I. Executive Summary

inference-relay v1.1 is a standalone background daemon, implemented in Rust, that exposes Anthropic-shape HTTP at 127.0.0.1:7421 and translates each request into a real interactive Claude Code session driven through a managed pseudo-terminal. The user's existing Claude subscription pays for the inference; the daemon's license key (an RS256-signed JWS) authorizes the routing.

There are three main facets to the architecture:

  • Memory-safe by construction. The runtime is Rust, statically linked, with zero unsafe blocks in the request path.
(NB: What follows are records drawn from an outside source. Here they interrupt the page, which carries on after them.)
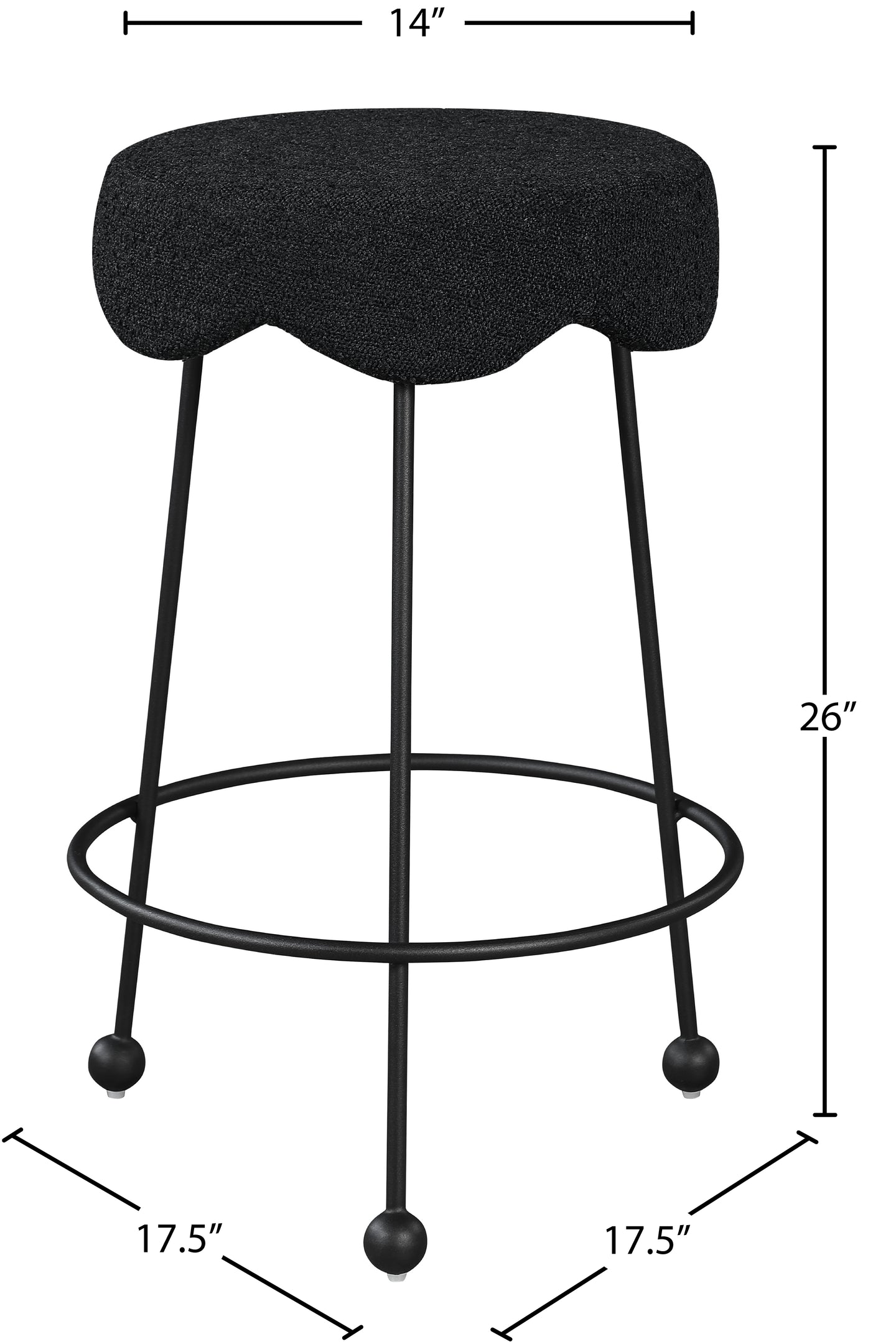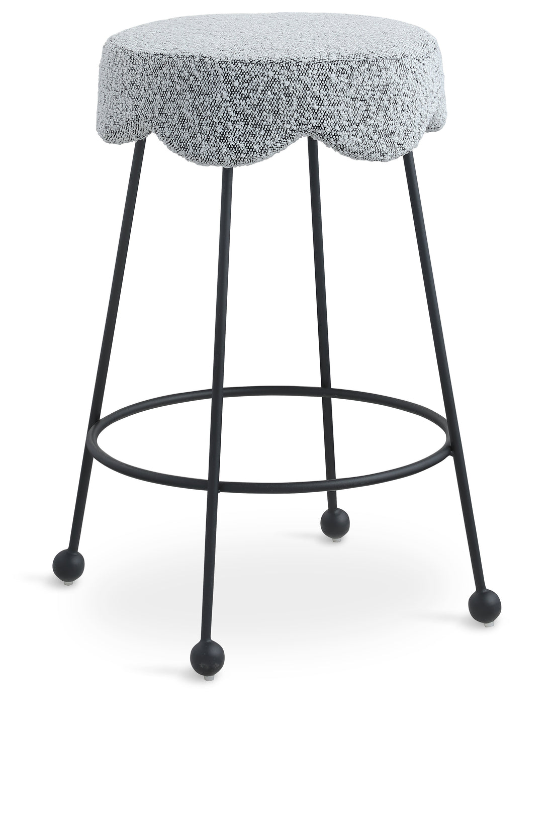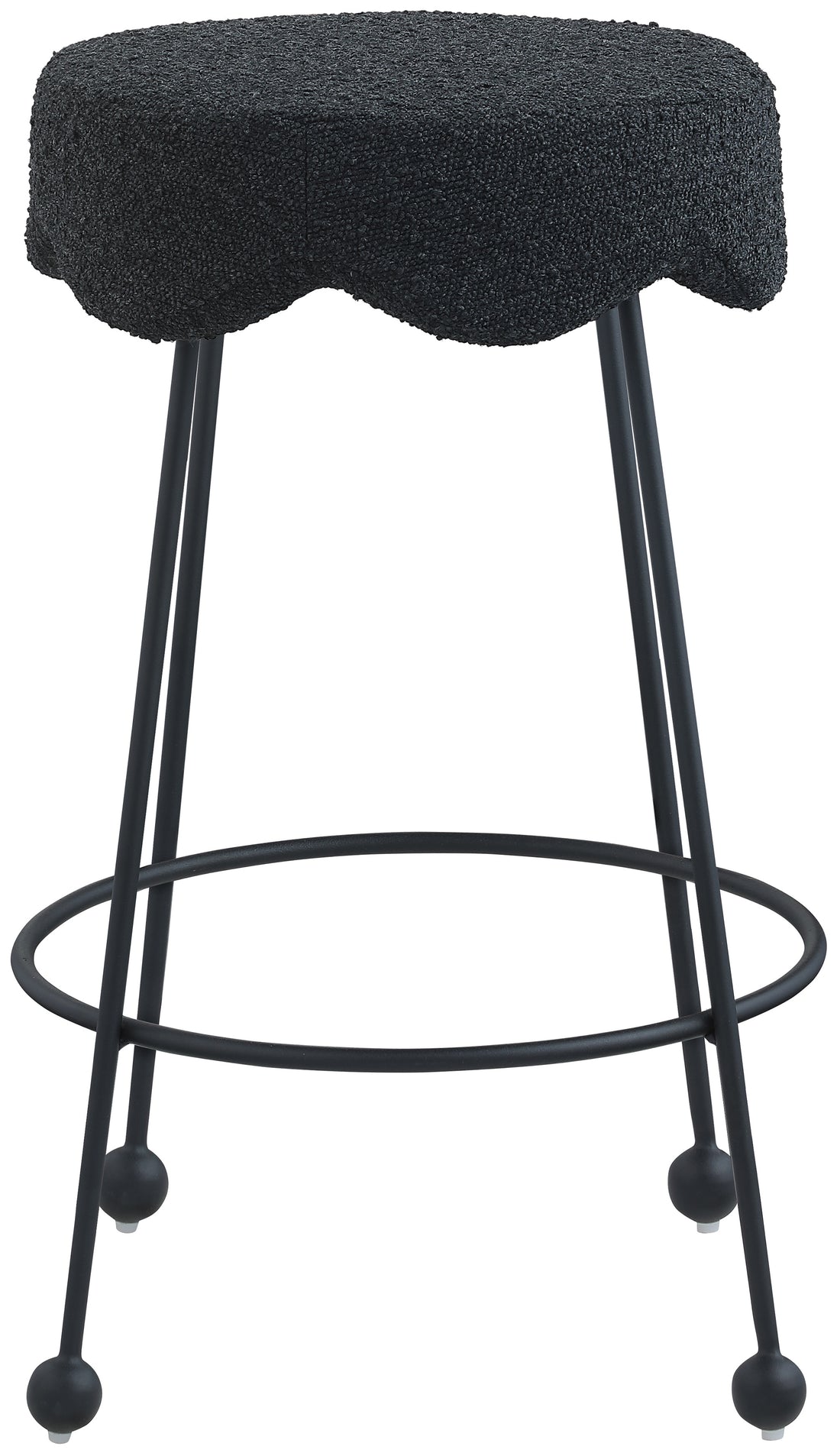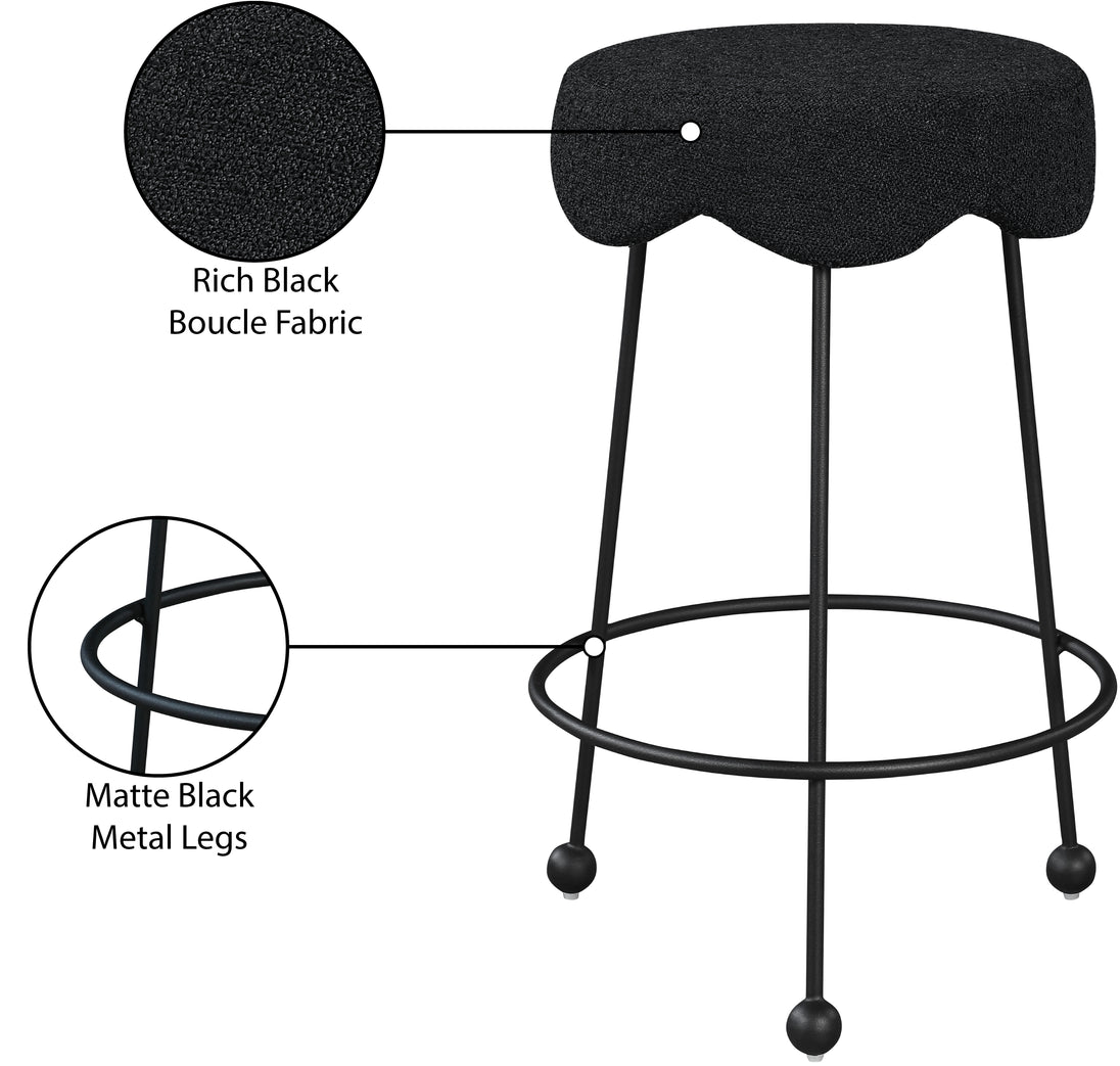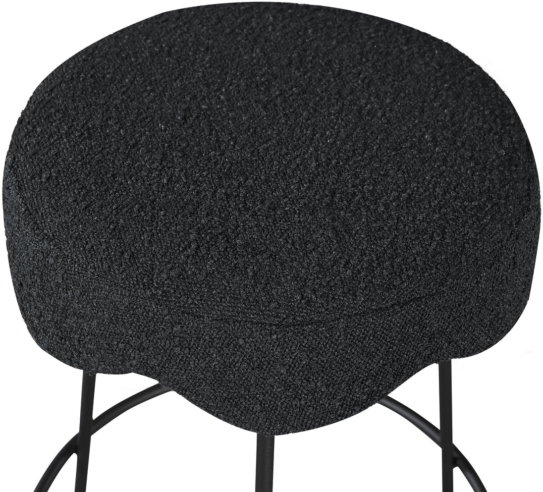 Give your dining area a unique touch with this Fleur black fabric counter stool. Its rich black boucle fabric seat is padded with foam, providing comfort while you're sitting, and its matte black metal legs ensures sturdiness and durability. A round footrest encircles its three metal legs, giving you a place to rest your feet while sitting at your breakfast counter or bar. A contemporary design ensures this counter stool matches your existing home decor.
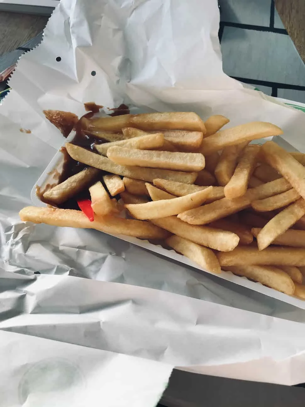 Ja en na de crematie was ik rond 18u thuis. Koken? Nee hoor, ging ik niet meer doen. Ik ben direct door gegaan naar een vriendin voor een (in mijn geval) alcoholvrije borrel, en ik nam een patatje mee.
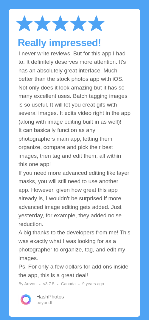 Not only does it look amazing but it has so many excellent uses. Batch tagging images is so useful. It will let you creat gifs with several images. It edits video right in the app (along with image editing built in as well)!
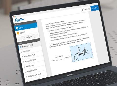 signNow’s desktop solution is instantly synced with the mobile app. That means users can start editing documents in their office and finish from their mobile device, even while offline. All data is securely stored in a private cloud and is instantly synced with the signNow network as soon as connection is restored.
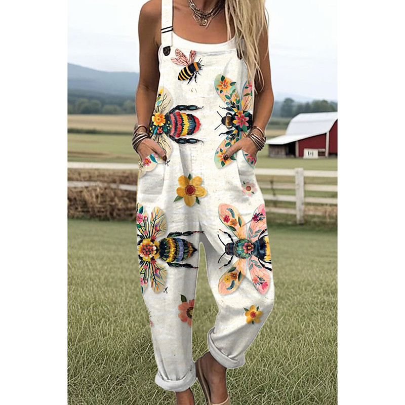 Women's Dungarees Active Floral Sleeveless Sleeveless Straight Square Neck Pocket with Pocket Vacation Daily Loose Fit White Pink Purple Summer
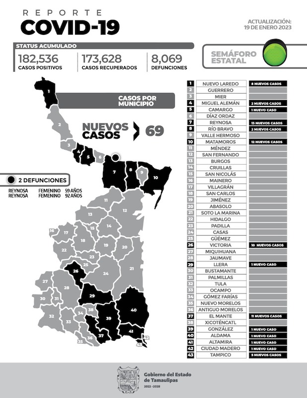 Confirman dos muertos por Covid en Reynosa y 69 nuevos casos
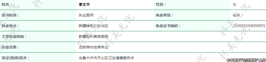 醫(yī)師執(zhí)業(yè)編碼:210650104000091,畢業(yè)于新疆醫(yī)科大學(xué),原蘭州軍區(qū)烏魯木齊總醫(yī)院皮膚激光主治醫(yī)師。
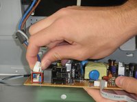 There is a wire connecting the motherboard to the inverter board. Squeeze both sides of the connector and pull to remove it from the socket.
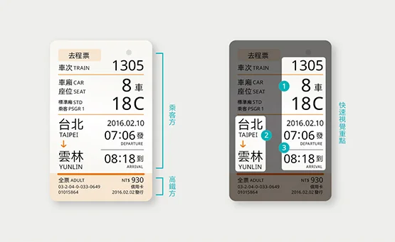 最後是視覺動線與文字的安排,我們將票面由橫式改採直式,與閘門的插卡方向一致,乘客在讀取車票訊息後,順手便可直覺式的插入驗票,提高流動效率。票面上的資訊,依照乘客實際的使用需求,由上而下作出重要性的順序分層,首先是「車次」、「車廂座位」、「列車時間」,最後才是「票種價格」與「票務編碼」。其中將最需要立刻看清楚,也可能會再三確認的「車次」、「車廂座位」與「站名」加大字級,並將數字統一放置右邊,可以讓乘客在最短的時間,立即理解搭乘資訊。而屬於高鐵方作業需要的「票種價格」與「票務編碼」,則在最底層,並以淺橘色塊做為視覺區隔。為因應外籍人士以及中高齡乘客增加的趨勢,我們選擇以UD通用設計的黑體為主,輔以英文,並在重要資訊上全面加大,盡力保持閱讀的舒適與效率。
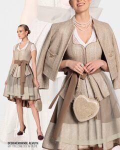 DESIGNERDIRNDL ALMUTH MIT TWEEDMIEDER IN TAUPE
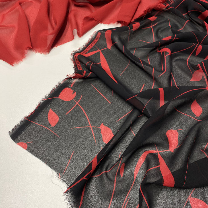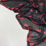 Купити шифон креп чорний з темно-червоними абстрактними тонкими квітами — відмінний вибір для стильних та сміливих образів. Швидка доставка по Україні і професійна консультація.
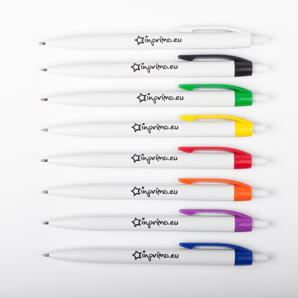 Poszukujących prostej, nowoczesnej stylistyki proponujemy model długopisu Netto. Biały, gładki oraz prosty korpus stanowi doskonałe tło dla nadruku reklamowego w każdym kolorze. Uzupełnieniem całości jest klips dostępny w przyciągających wzrok, intensywnych barwach, które podkreślają dowolny nadruk reklamowy.

Memory-corruption attack vectors that would apply to a Node or Electron equivalent are eliminated at the language level.
  • Loopback-only. The daemon refuses to bind any non-loopback address. There is no network surface for an attacker on the LAN, on the corporate network, or on the internet to reach. This is enforced at the socket layer at startup.
  • End-to-end signed. The license key is RS256-signed by the relay backend and verified against an embedded RSA public key. Update bundles are ed25519-signed and verified against an embedded ed25519 public key. The daemon refuses to execute unsigned or mis-signed inputs at either trust boundary.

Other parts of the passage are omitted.